» **Work task**: Transcribe the stretch of entries below from the line with "Celebrate a little" through the line with "This bingo card", exactly and with both ends included; leave out all other lines.
::: Extracted records
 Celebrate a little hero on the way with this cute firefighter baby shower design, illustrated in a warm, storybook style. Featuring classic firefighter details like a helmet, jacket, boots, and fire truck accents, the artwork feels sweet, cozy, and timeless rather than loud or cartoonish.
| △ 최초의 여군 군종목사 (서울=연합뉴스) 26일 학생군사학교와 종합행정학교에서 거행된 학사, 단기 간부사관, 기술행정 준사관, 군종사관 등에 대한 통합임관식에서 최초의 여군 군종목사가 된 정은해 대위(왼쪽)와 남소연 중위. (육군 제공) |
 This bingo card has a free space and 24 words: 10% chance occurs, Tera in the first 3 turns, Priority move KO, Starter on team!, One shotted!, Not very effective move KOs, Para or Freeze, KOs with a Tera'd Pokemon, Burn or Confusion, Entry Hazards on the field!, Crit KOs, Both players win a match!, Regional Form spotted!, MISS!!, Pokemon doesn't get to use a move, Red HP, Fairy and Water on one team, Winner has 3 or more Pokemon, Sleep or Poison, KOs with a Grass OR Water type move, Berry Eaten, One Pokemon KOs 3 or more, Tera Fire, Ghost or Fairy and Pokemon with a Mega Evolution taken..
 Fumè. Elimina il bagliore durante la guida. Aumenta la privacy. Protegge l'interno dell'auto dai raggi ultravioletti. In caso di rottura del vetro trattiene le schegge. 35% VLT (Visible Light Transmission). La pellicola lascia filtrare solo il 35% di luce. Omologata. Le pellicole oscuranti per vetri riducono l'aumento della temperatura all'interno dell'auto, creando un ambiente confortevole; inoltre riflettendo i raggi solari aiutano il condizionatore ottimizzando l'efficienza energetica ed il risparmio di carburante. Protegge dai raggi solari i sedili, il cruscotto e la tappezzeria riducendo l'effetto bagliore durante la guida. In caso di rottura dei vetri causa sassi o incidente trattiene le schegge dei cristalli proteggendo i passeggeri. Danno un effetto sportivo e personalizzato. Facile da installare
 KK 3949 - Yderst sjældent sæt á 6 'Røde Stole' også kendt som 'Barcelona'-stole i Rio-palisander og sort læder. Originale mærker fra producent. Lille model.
::::::
::: Extracted records
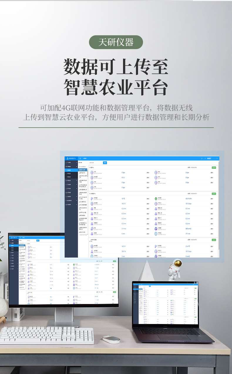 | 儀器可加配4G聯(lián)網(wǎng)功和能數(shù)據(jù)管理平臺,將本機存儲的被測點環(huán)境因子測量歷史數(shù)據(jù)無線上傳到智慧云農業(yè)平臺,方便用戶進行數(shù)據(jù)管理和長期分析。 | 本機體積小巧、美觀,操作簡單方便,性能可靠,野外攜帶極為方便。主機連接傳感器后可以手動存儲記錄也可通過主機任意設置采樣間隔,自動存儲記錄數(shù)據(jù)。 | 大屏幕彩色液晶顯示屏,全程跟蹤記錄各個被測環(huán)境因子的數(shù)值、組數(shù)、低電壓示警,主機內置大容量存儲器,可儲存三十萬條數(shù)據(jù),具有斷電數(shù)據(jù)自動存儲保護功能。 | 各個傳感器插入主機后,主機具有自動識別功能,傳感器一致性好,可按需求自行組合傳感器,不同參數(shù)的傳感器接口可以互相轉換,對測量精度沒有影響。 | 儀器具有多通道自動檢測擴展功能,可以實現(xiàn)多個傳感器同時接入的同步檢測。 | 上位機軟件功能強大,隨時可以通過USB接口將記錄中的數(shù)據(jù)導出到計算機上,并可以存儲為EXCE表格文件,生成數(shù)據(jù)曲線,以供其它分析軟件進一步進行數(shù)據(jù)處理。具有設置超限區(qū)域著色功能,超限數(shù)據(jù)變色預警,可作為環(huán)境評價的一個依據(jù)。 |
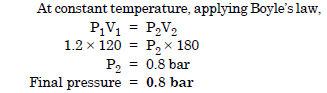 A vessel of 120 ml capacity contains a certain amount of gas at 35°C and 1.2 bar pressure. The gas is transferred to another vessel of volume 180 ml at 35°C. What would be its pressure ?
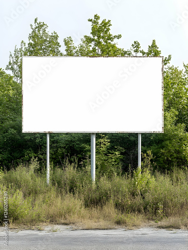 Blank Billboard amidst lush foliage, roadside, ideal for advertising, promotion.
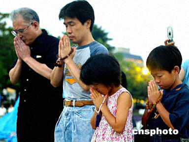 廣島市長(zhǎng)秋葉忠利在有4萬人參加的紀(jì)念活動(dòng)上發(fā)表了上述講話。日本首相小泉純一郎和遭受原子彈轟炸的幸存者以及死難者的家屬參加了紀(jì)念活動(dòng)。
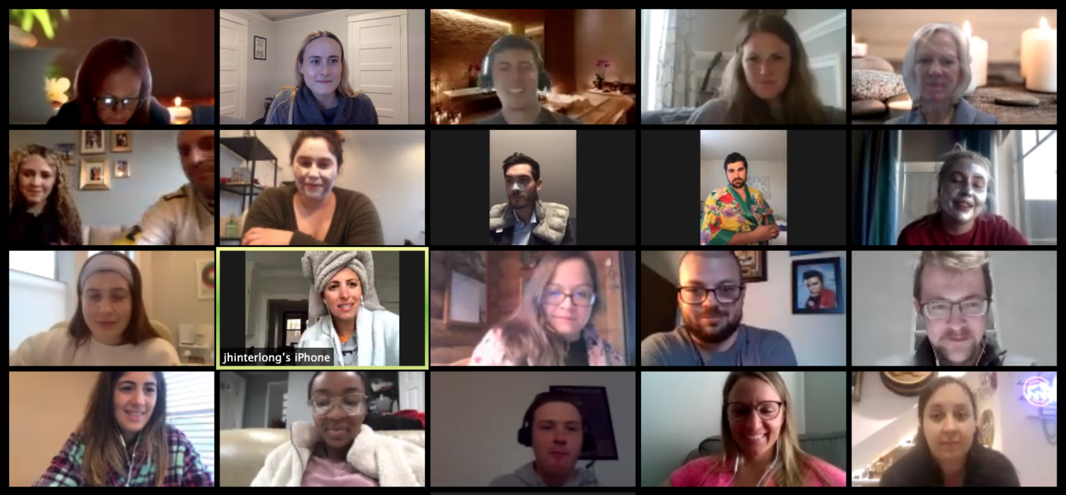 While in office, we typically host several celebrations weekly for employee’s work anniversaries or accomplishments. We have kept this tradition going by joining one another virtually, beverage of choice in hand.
::::::
» **Final answer**:
 Celebrate a little hero on the way with this cute firefighter baby shower design, illustrated in a warm, storybook style. Featuring classic firefighter details like a helmet, jacket, boots, and fire truck accents, the artwork feels sweet, cozy, and timeless rather than loud or cartoonish.
| △ 최초의 여군 군종목사 (서울=연합뉴스) 26일 학생군사학교와 종합행정학교에서 거행된 학사, 단기 간부사관, 기술행정 준사관, 군종사관 등에 대한 통합임관식에서 최초의 여군 군종목사가 된 정은해 대위(왼쪽)와 남소연 중위. (육군 제공) |
 This bingo card has a free space and 24 words: 10% chance occurs, Tera in the first 3 turns, Priority move KO, Starter on team!, One shotted!, Not very effective move KOs, Para or Freeze, KOs with a Tera'd Pokemon, Burn or Confusion, Entry Hazards on the field!, Crit KOs, Both players win a match!, Regional Form spotted!, MISS!!, Pokemon doesn't get to use a move, Red HP, Fairy and Water on one team, Winner has 3 or more Pokemon, Sleep or Poison, KOs with a Grass OR Water type move, Berry Eaten, One Pokemon KOs 3 or more, Tera Fire, Ghost or Fairy and Pokemon with a Mega Evolution taken..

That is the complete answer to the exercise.